To guffaws and jeers Mr Morrison continued, “Who does that sound like? Our government is delivering infrastructure and services that the Australian people respect and want more of.”

What the prime minister omitted to say, the same Newspoll that gave him a 12-point lead as preferred prime minister, confirmed a 10-point deficit in the measure that really counts, the two-party preferred vote. The poll points to a 21-seat loss if repeated at next year’s general election.

Undeterred, the prime minister leaned over the dispatch box in question time and shouted at Bill Shorten the choice at the next election “will not be involving any premier, of any of the states, it will be between me and you”.

There was a much more sombre assessment from senior Victorian Liberal senate president Scott Ryan. He looked across the wreckage of the party’s representation and the massive swings against it in what is its traditional heartland seats.

“Seats like Kew, Brighton, Sandringham, Hawthorn these voters who are our electoral base, these are the real base of the Liberal Party,” Senator Ryan told Radio National.

He said like himself they are conservative in their personal disposition, but very liberal in their political outlook. He fired an Exocet missile at climate-denying, intolerant conservatives who are taking over the party’s electorate councils around the nation.

The “electoral base” as distinct from the “Christian right” laying claim to the party “don’t want views rammed down their throat and they don’t want to ram their views down other peoples’ throat” is Senator Ryan’s analysis.

It is a conclusion supported by the evidence of the marriage equality survey, which showed some of the biggest margins for it were in safe Liberal electorates.

One of Mr Ryan’s Victorian MP colleagues agrees. He says the voters in the eastern suburbs of Melbourne and the sand belt know the party intimately. If they are not members they are fundraisers and often election day booth volunteers.

“They know we are being taken over by the crazies.”

Mr Ryan talks about the “noise” coming from Canberra. The knifing of Malcolm Turnbull played particularly badly in Victoria. The fact Mr Morrison was not welcome to play a prominent part in the campaign recognition of this.

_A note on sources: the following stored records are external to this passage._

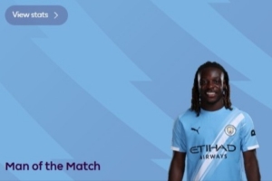 24直播网11月10日讯 2025-26赛季英超第11轮焦点战,曼城3-0利物浦,赛后,多库当选英超官方评选的全场最佳球员。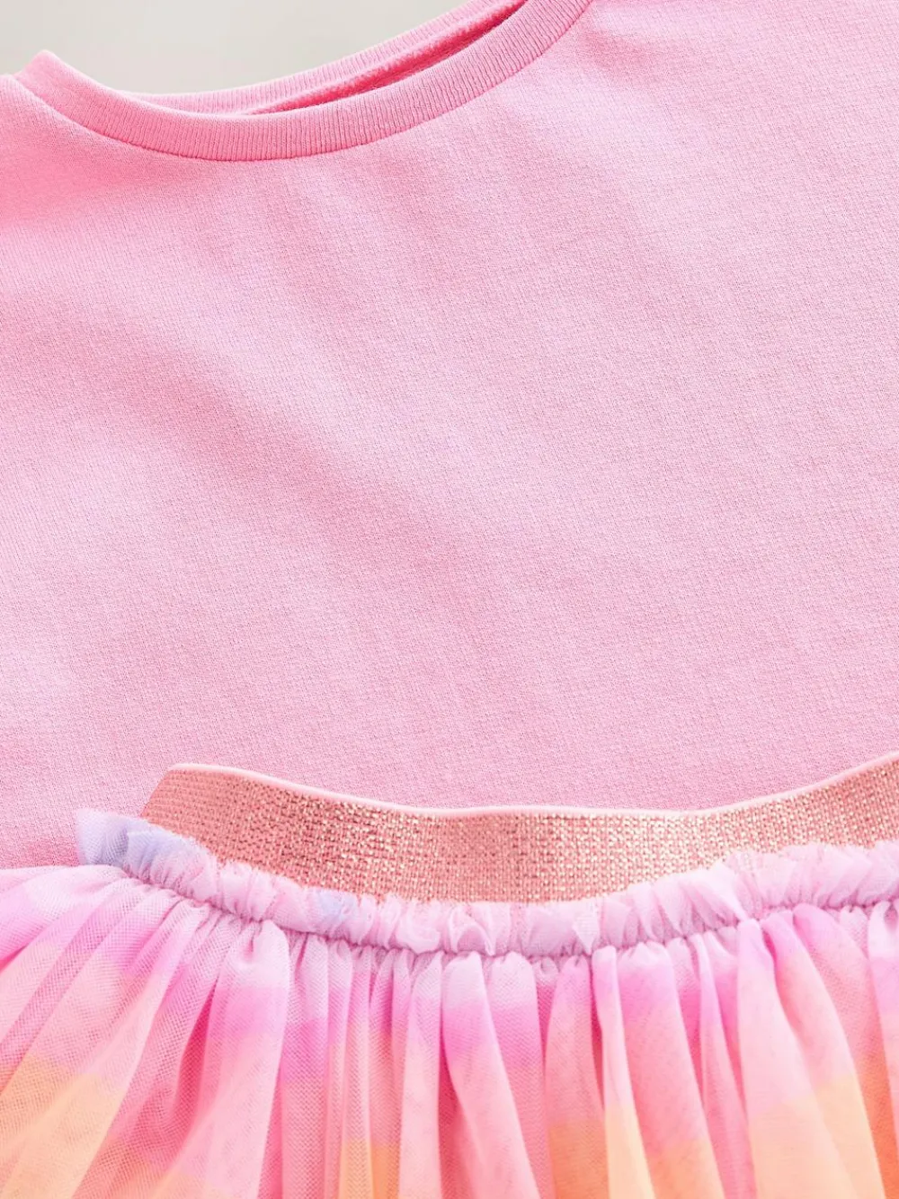 This vibrant 2-piece set features a boxy pure-cotton t-shirt, featuring a crewneck collar and short sleeves in a bright pink hue, alongside a rainbow tutu skirt with an elasticated waistband, a mesh fabric outer and a comfortable cotton-blend lining. 2-piece set 100% cotton boxy t-shirt Crewneck collar Woven tab Tutu skirt Elasticated waistband Mesh outer fabric Cotton-blend lining Machine washable. T-shirt 100% Cotton. Skirt Mesh 100% Recycled polyester. Lining 92% Cotton, 8% Elastane.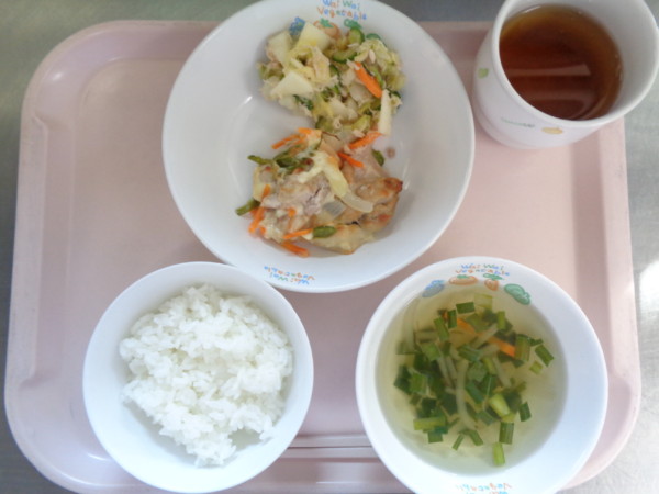 ごはん、春雨スープ、鶏のチーズ焼き、白菜とりんごのサラダ・・・417kcal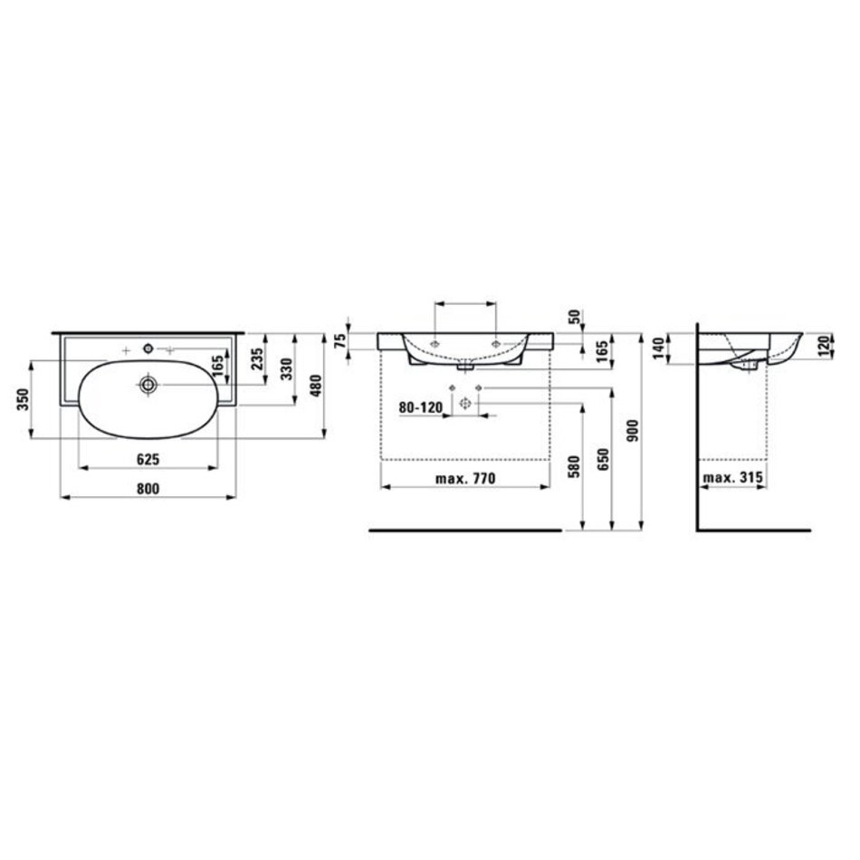 Раковина Laufen New Classic 8.1385.5.400.104.1 80 х 48 х 16.5 см, подвесная, белый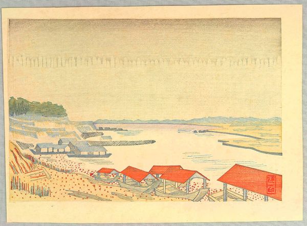 Editor: This is "Shore Scene Showing European Influence," a woodblock print by Shōtei Hokuju, created sometime between 1800 and 1830. It feels incredibly spacious and airy, doesn’t it? The composition spreads horizontally, with this wide expanse of water meeting the sky. What jumps out to you about the way it’s constructed? Curator: I find myself immediately drawn to the interplay between line and form. Notice how Hokuju employs a deliberate flattening of perspective, typical of Ukiyo-e, yet integrates elements suggesting depth, perhaps influenced by European printmaking. Observe how the rhythmic repetition of the boats in the harbor contrasts with the solid geometric shapes of the buildings in the foreground. Editor: The use of color seems quite restrained too, mostly muted blues, browns, and creams. Is that significant? Curator: Precisely. The subdued palette serves to unify the composition, drawing the eye across the surface. Ask yourself, does the restricted color palette enhance the graphic quality, emphasizing the lines and shapes? And how does the use of negative space—the areas of untouched paper—contribute to the overall sense of balance and harmony? Editor: That's interesting, how the flatness almost accentuates the details. Now I see a kind of tension between the flat picture plane and implied depth. The buildings are solid blocks, but then the figures introduce a sense of narrative. Curator: Consider then the role of each visual element. What is the interplay of texture and form? How might we analyze the contrasting forms of the geometric man-made buildings against the organic form of the coastline? Editor: I see that it is the combination of techniques that bring such unique perspective. Curator: Exactly. Appreciating the details allows one to truly begin understanding and perceiving works of art.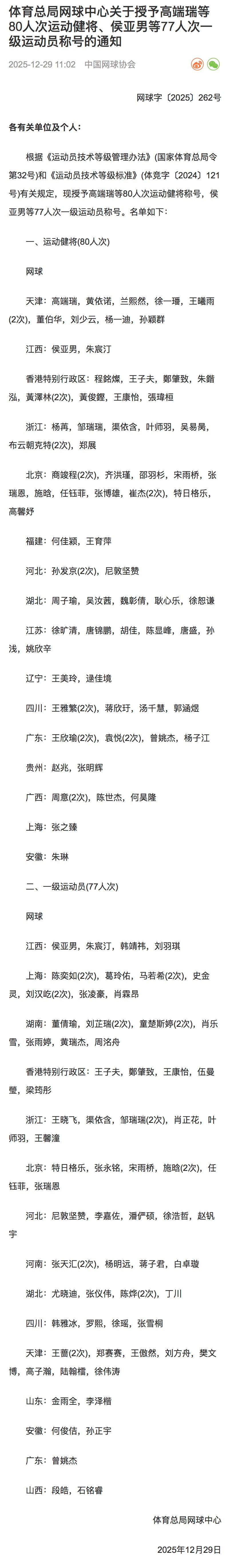 国家体育总局网球中心公布今年各省市运动健将、一级运动员评级名单🎾🇨🇳体育大赏我的年度赛场记忆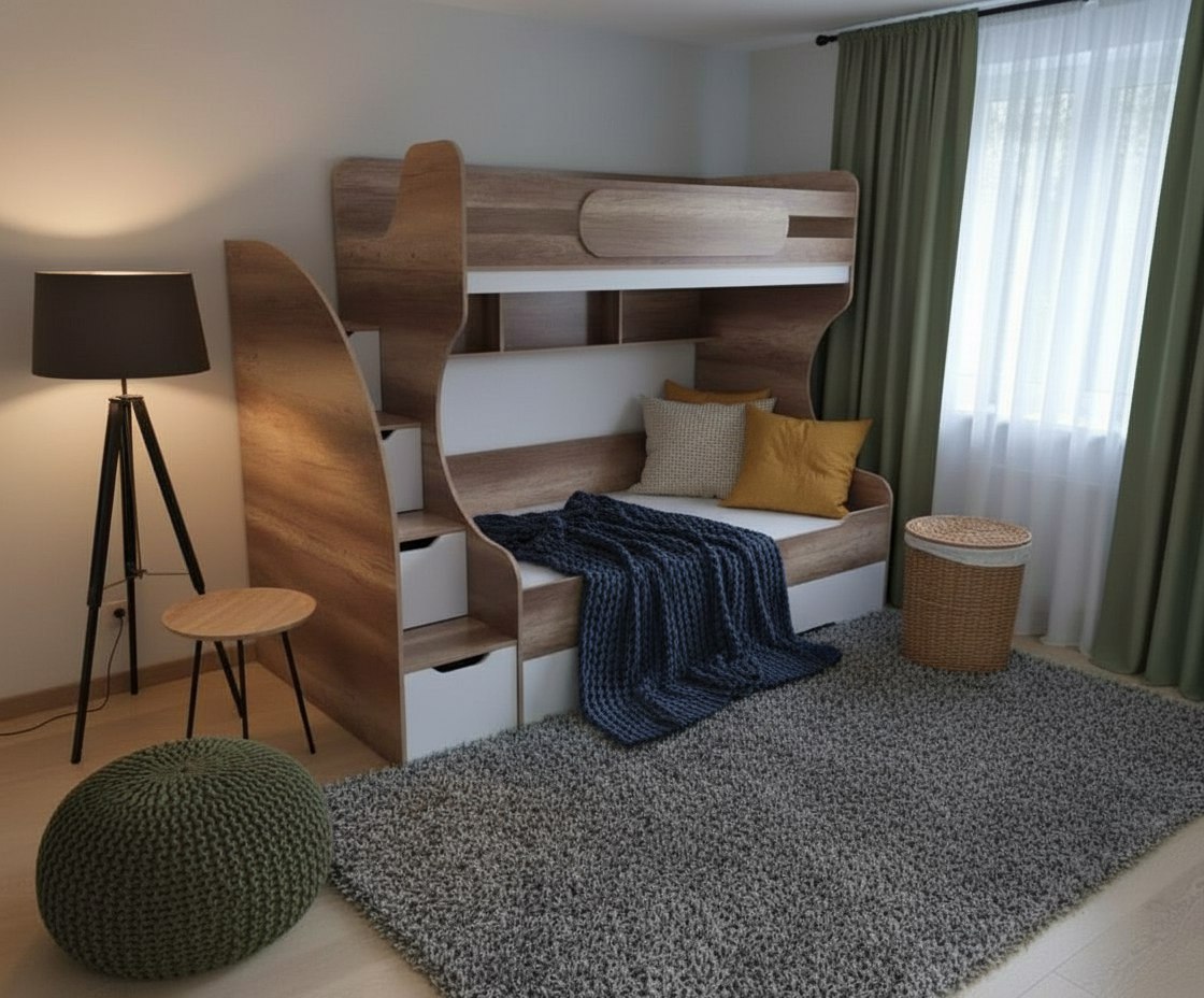 Кровать двухъярусная БИГ с дополнительным выдвижным спальным местом.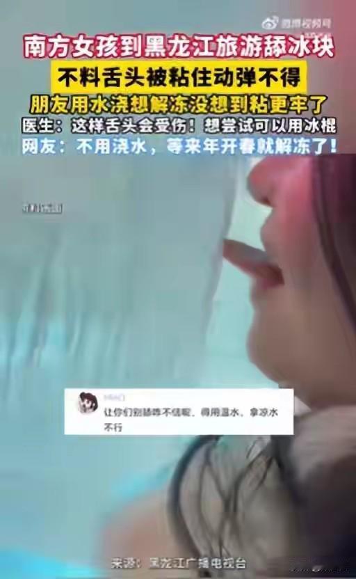 南方姑娘去黑龙江舔冰砖,舌头粘死拔不动!朋友浇水反而坑惨她 南方小土豆去东北可别乱舔冰啊!就有位姑娘亲身踩了坑,好奇舔了口户外的冰砖,舌头直接粘得死死的,朋友好心浇水想解冻,结果反倒让粘得更牢了,俩人当场都慌了。 这事就发生在最近,一位南方姑娘特意去黑龙江玩,看着当地随处可见的厚冰砖觉得新鲜得很,一时手贱嘴也馋,伸出舌头就舔了一下。谁能想到东北零下的温度这么厉害,舌尖刚碰到冰砖的瞬间,直接就被粘住了,怎么扯都扯不动,姑娘当时急得脸都白了。 同行的朋友看到这情况也手忙脚乱,脑子一热想着用水浇一浇,冰化了舌头不就下来了,赶紧找水往冰砖和舌头粘住的地方淋。可万万没想到,冷水浇上去不仅没把冰化开,反倒因为外头太冷,水一下子就冻住了,直接把舌头粘得更紧了,俩人这下是真没辙了,站在原地干着急。 还好最后姑娘和朋友琢磨出了正确的法子,对着粘住的地方一个劲哈热气,用自己的体温慢慢把冰层化开,舌头这才终于脱离了冰砖,万幸的是没咋受伤。这事被说出来后,不少网友都忍不住调侃,有人说“不用救,等开春天暖了自然就解冻了”,还有东北网友出来说,这都是北方孩子从小就知道的坑,根本没人敢碰。 针对这事,医生也特意给了提醒,说要是真遇上舌头粘冰的情况,千万别硬扯,也别随便用温水猛浇,很容易把舌头弄伤。要是实在想体验舌尖碰冰的感觉,不如吃根冰棍,既安全,也能过过瘾。 其实每年冬天东北冰雪季,都能碰到好几起游客舔冰、舔铁栏杆被粘住的事,景区工作人员也天天在旁边劝,可总有人好奇。眼下正是去东北玩的旺季,好多南方游客都去北方感受冰雪乐趣,也提醒大家,玩归玩,可一定要注意安全,别因为一时好奇,让好好的旅途添了麻烦。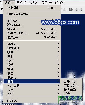 19、选择菜单:滤镜 > 渲染 > 云彩,如下图。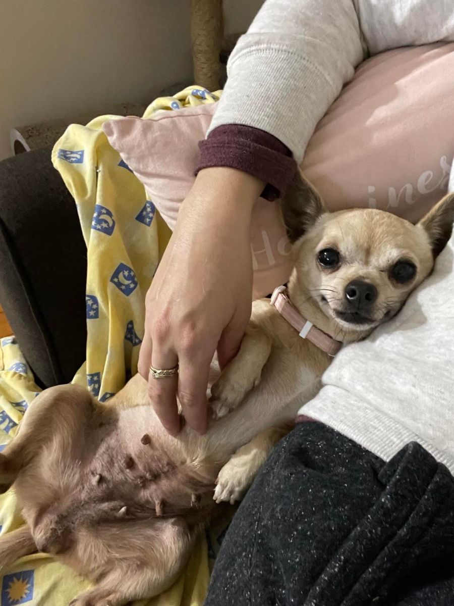 Aster is a super cuddly and affectionate teeny tiny Chihuahua. Her favourite thing to do in the evenings is to snuggle up on the couch with you and share the blanket – good thing she is only 2.6kg as she would totally be a blanket hog otherwise! Even more adorable is when her tongue pokes out while she’s sleeping. After her initial shyness with new people, she loves getting pats and will give lots of kisses in return if you let her. You can always tell when she is super happy as she has the sweetest little waggy tail you have ever seen. It never fails to appear if there is food on offer as she absolutely loves food and will demolish anything you put in front of her.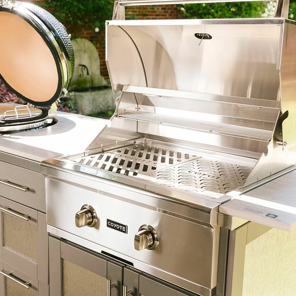 Coyote C-Series Stainless Steel Built-In Gas Grill, 28-Inch (C1C28) provides a premium grilling option for your outdoor kitchen. The Coyote C-Series grill has been manufactured for high performance with two Coyote Infinity Burners designed to put out 40,000 BTU of heat across 585 square inches of cooking space. Complete 304 stainless steel construction ensures heavy-duty durability, while interior grill lighting makes in easier to see the grill surface in low-light conditions. This base grill can also be upgraded with a variety of products and accessories custom built for this grill model (sold separately).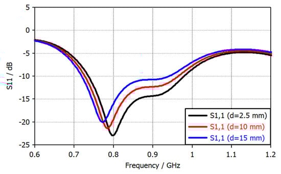 Finally, the length of the dipoles, the width of the dipoles, and the spacing between dipoles should be divided by the square root of the effective dielectric constant, , , and respectively [32]. The effective dielectric constant is described by Equation (12).

Premier Gladys Berejiklian in NSW is getting in early, and made clear on the weekend the PM and his federal colleagues will be similarly shunned in the run up to her March state election.

There’s plenty of evidence to say the “electoral base” is part of the 80 per cent of Australians who support a national anti-corruption commission.

Mr Morrison’s reluctance was flushed out in parliament when though the government avoided defeat on a motion to set one up by voting with the enhanced cross bench and Labor, it is in no hurry to do it.

Just like the promised legislation ending the discrimination exemption for religious schools to expel gay students has not been taken to the government party room.

Stay informed, daily
A FREE subscription to The New Daily arrives every morning and evening.
The New Daily is a trusted source of national news and information and is provided free for all Australians. Read our editorial charter
Copyright © 2024 The New Daily.
All rights reserved.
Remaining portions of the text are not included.